● **TASK DESCRIPTION**
After finding "ईरान के विदेश" in the data, write out its line and all following lines without change, up to and including the last one. Leave out pictures.
───── INPUT
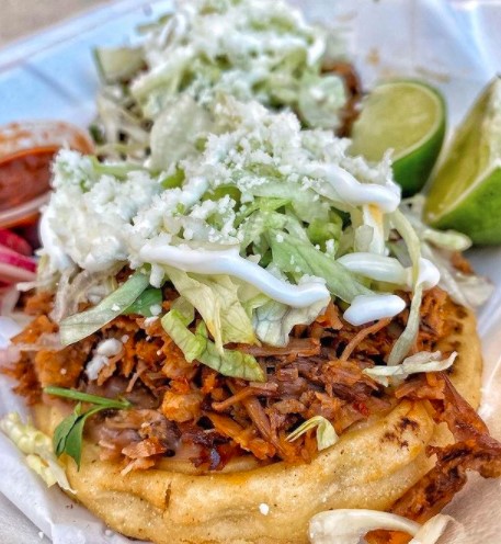 Elaborado con carne de cerdo, servido con cebolla, orégano, limón y chile molido.
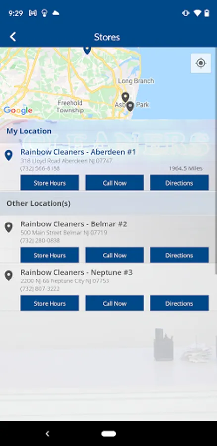 5) Quickly contact Rainbow Cleaners by phone or email and access their website all directly from your device.
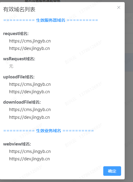 这个是通过接口https://developers.weixin.qq.com/doc/oplatform/openApi/miniprogram-management/domain-management/api_geteffectiveserverdomain.html和https://developers.weixin.qq.com/doc/oplatform/openApi/miniprogram-management/domain-management/api_geteffectivejumpdomain.html查询的接口
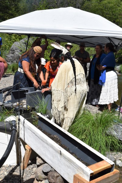 Chief Sisk led a riverside ceremony of song, dance and prayer to welcome the salmon back. “We are asking that the river receive these eggs. We are asking that the old-time ways continue and that they grow in that way,” she said in an agency news release. “We put down that song so they have a fighting chance.” Then Winnemem Wintu children gently placed cups of eggs in the streamside incubator.
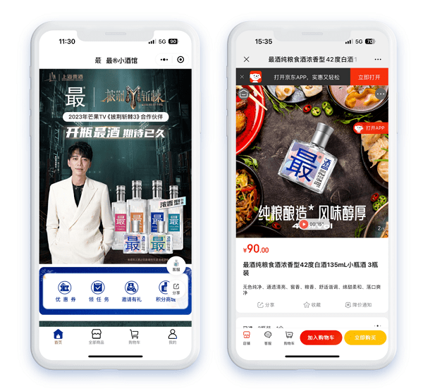 ▲ 最®酒公眾號快速跳轉小程序商城及京東商城
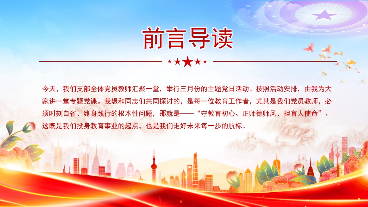 标题:2026微党课「教师师德ppt模板」教师节守教育初心正师德师风担育人使命党课ppt模板(含配套讲稿)
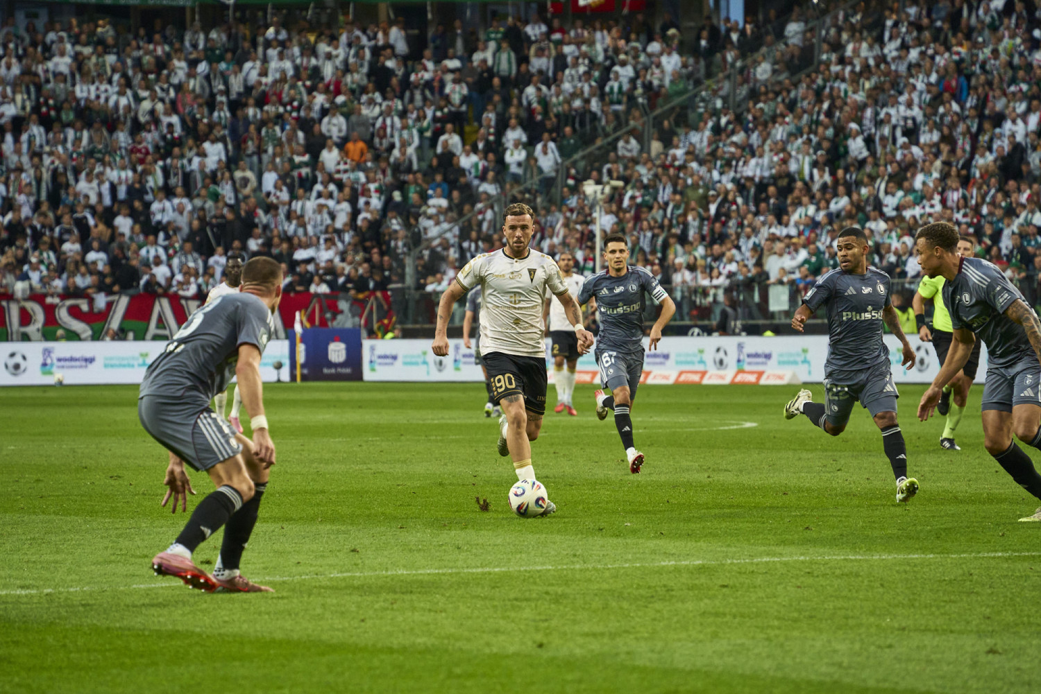 Mecz z Legią Warszawa rozpoczął się od faulu na skraju pola karnego, którego dopuścił się Musa Juwara. Strzał z 11 metrów na bramkę zamienił Mileta Rajović. Pogoń Szczecin, zagrała z Legią w eksperymentalnym składzie. W środku obrony pojawił się Dimitrios Keramitsis. Na lewej obronie natomiast, wystąpił świeżo sprowadzony prawy obrońca, Hussein Ali. Rolę defensywnego pomocnika pełnił Mor Ndiaye. To część składu, jaki do grania desygnował tymczasowy szkoleniowiec granatowo-bordowych Tomasz Grzegorczyk. Z trybun, starcie Legii z Pogonią, obserwował już potencjalny nowy trener Pogoni Szczecin - Thomas Thomasberg. Duńczyk pracował poprzednio w FC Midtjylland i zbierał tam bardzo dobre noty.
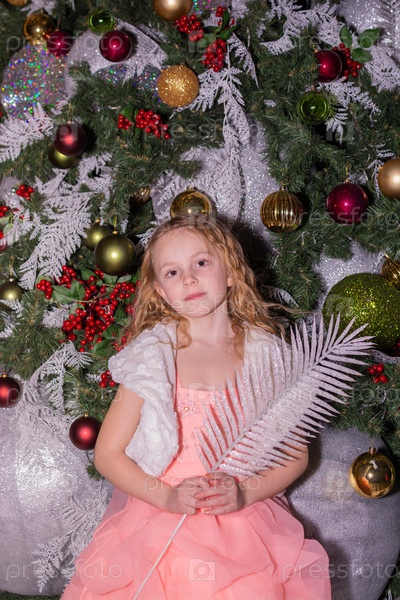 Красивая нарядная девочка возле елки в Новый год. Праздник. Новый год. Ребенок-модель. Красивая элегантная девушка рядом с рождественской ёлкой в Новый год. Отпуск. Новый год. Ребёнок является моделью
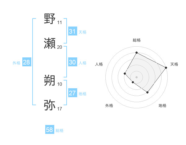 野瀬 朔弥さんを姓名の画数から五運を鑑定
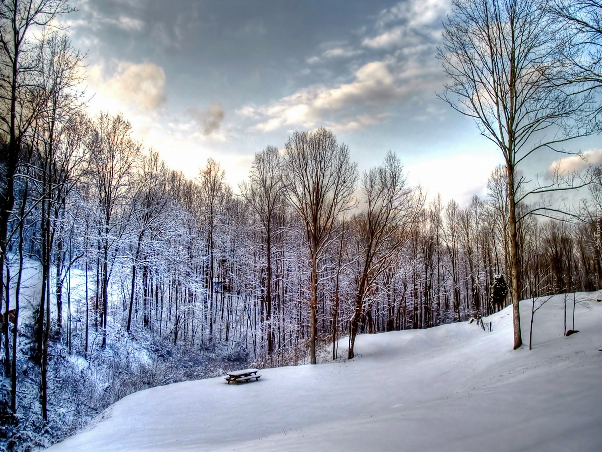 Edytor tapety: Las, Wzgórza, Zima, Chmury
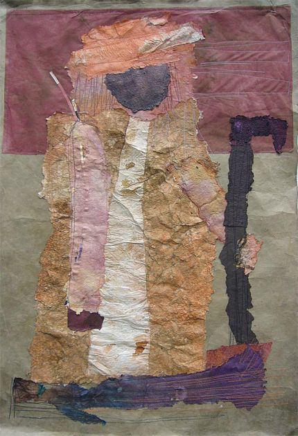 handgeschöpftes Papier auf Japanpapier, gefärbt, genäht / 52 x 78 cm
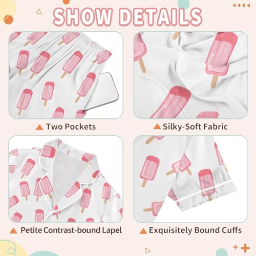 Pink Ice Cream Pajamas Sets Short Sleeve Button Down Sleepwear Silk Stain Pjs for 5-14Y 4
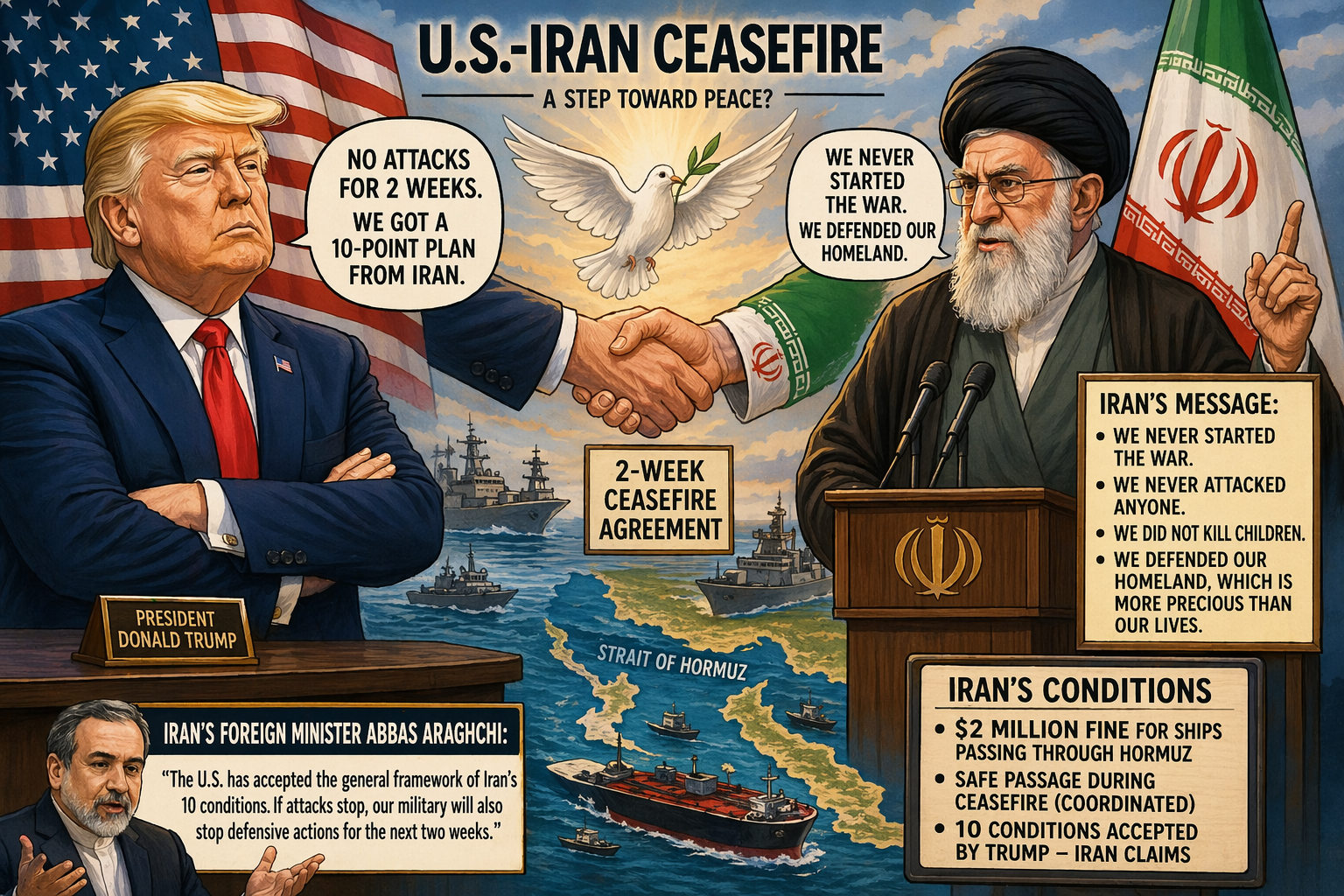 ईरान के विदेश मंत्री अब्बास अराघची ने कहा कि अमेरिका ने ईरान की 10 शर्तों के सामान्य ढांचे को बातचीत का आधार मान लिया है। उन्होंने सोशल मीडिया पर लिखा कि यदि ईरान पर हमले बंद रहते हैं, तो ईरानी सेना भी अपनी रक्षात्मक कार्रवाई रोक देगी।
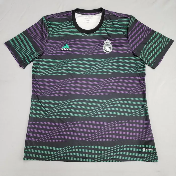 Show your support for Los Blancos with this adidas Real Madrid pre-match training shirt. Designed for both performance on the pitch and casual wear in the stands, this top features a striking multicolor striped pattern blending black, green, and purple tones. The iconic Real Madrid crest sits proudly on the chest, paired with the classic adidas logo to complete the authentic athletic look. Engineered with signature adidas AEROREADY technology, this short-sleeve shirt is crafted from lightweight, breathable polyester designed to manage moisture and keep you dry during intense matches or active training sessions. The tailored slim fit provides a streamlined, modern silhouette that moves with you, while the comfortable crew neckline ensures unrestricted mobility. Whether you are gearing up for a local pickup game, hitting the gym, or representing your favorite international club around town, this jersey delivers reliable comfort and bold style. Machine wash cold with like colors and tumble dry on low to maintain the vibrant graphics and performance fabric.
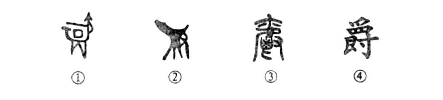 這個(gè)“公爵侯爵”的“爵”宇本為象形字。①是甲骨文的形體,就像古代酒器的形狀,下有足,用以溫酒或盛酒,盛行于商代和西周初期。②是金文的形體,更像酒器的形狀,其右邊又增加了一只手。③是小篆的形體,其下部訛變?yōu)閺摹佰耍ü糯漓胗玫囊环N酒),變得相當復雜。④是楷書(shū)的寫(xiě)法。
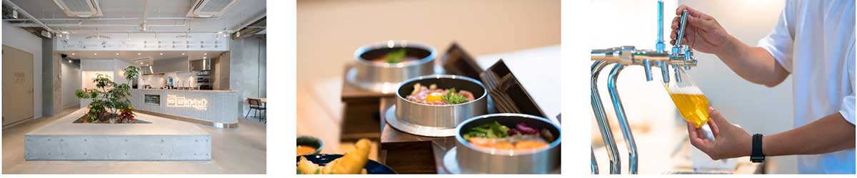 受付となる36ラウンジは2Fにあります。グループでご利用の際も安心して待ち合わせることができるほか、併設されたキッチンでは、サウナ後のお楽しみになるサ飯を多数用意しています。一番のオススメである”36釜飯”は、山側らしい山菜だけでなく海の幸も揃え多彩なバリエーションが楽しめるほか、“ととのい”の後に沁みる美味しい自慢のビールもご用意しています。
──────────
● **RESPONSE**
 ईरान के विदेश मंत्री अब्बास अराघची ने कहा कि अमेरिका ने ईरान की 10 शर्तों के सामान्य ढांचे को बातचीत का आधार मान लिया है। उन्होंने सोशल मीडिया पर लिखा कि यदि ईरान पर हमले बंद रहते हैं, तो ईरानी सेना भी अपनी रक्षात्मक कार्रवाई रोक देगी।
 Show your support for Los Blancos with this adidas Real Madrid pre-match training shirt. Designed for both performance on the pitch and casual wear in the stands, this top features a striking multicolor striped pattern blending black, green, and purple tones. The iconic Real Madrid crest sits proudly on the chest, paired with the classic adidas logo to complete the authentic athletic look. Engineered with signature adidas AEROREADY technology, this short-sleeve shirt is crafted from lightweight, breathable polyester designed to manage moisture and keep you dry during intense matches or active training sessions. The tailored slim fit provides a streamlined, modern silhouette that moves with you, while the comfortable crew neckline ensures unrestricted mobility. Whether you are gearing up for a local pickup game, hitting the gym, or representing your favorite international club around town, this jersey delivers reliable comfort and bold style. Machine wash cold with like colors and tumble dry on low to maintain the vibrant graphics and performance fabric.
 這個(gè)“公爵侯爵”的“爵”宇本為象形字。①是甲骨文的形體,就像古代酒器的形狀,下有足,用以溫酒或盛酒,盛行于商代和西周初期。②是金文的形體,更像酒器的形狀,其右邊又增加了一只手。③是小篆的形體,其下部訛變?yōu)閺摹佰耍ü糯漓胗玫囊环N酒),變得相當復雜。④是楷書(shū)的寫(xiě)法。
 受付となる36ラウンジは2Fにあります。グループでご利用の際も安心して待ち合わせることができるほか、併設されたキッチンでは、サウナ後のお楽しみになるサ飯を多数用意しています。一番のオススメである”36釜飯”は、山側らしい山菜だけでなく海の幸も揃え多彩なバリエーションが楽しめるほか、“ととのい”の後に沁みる美味しい自慢のビールもご用意しています。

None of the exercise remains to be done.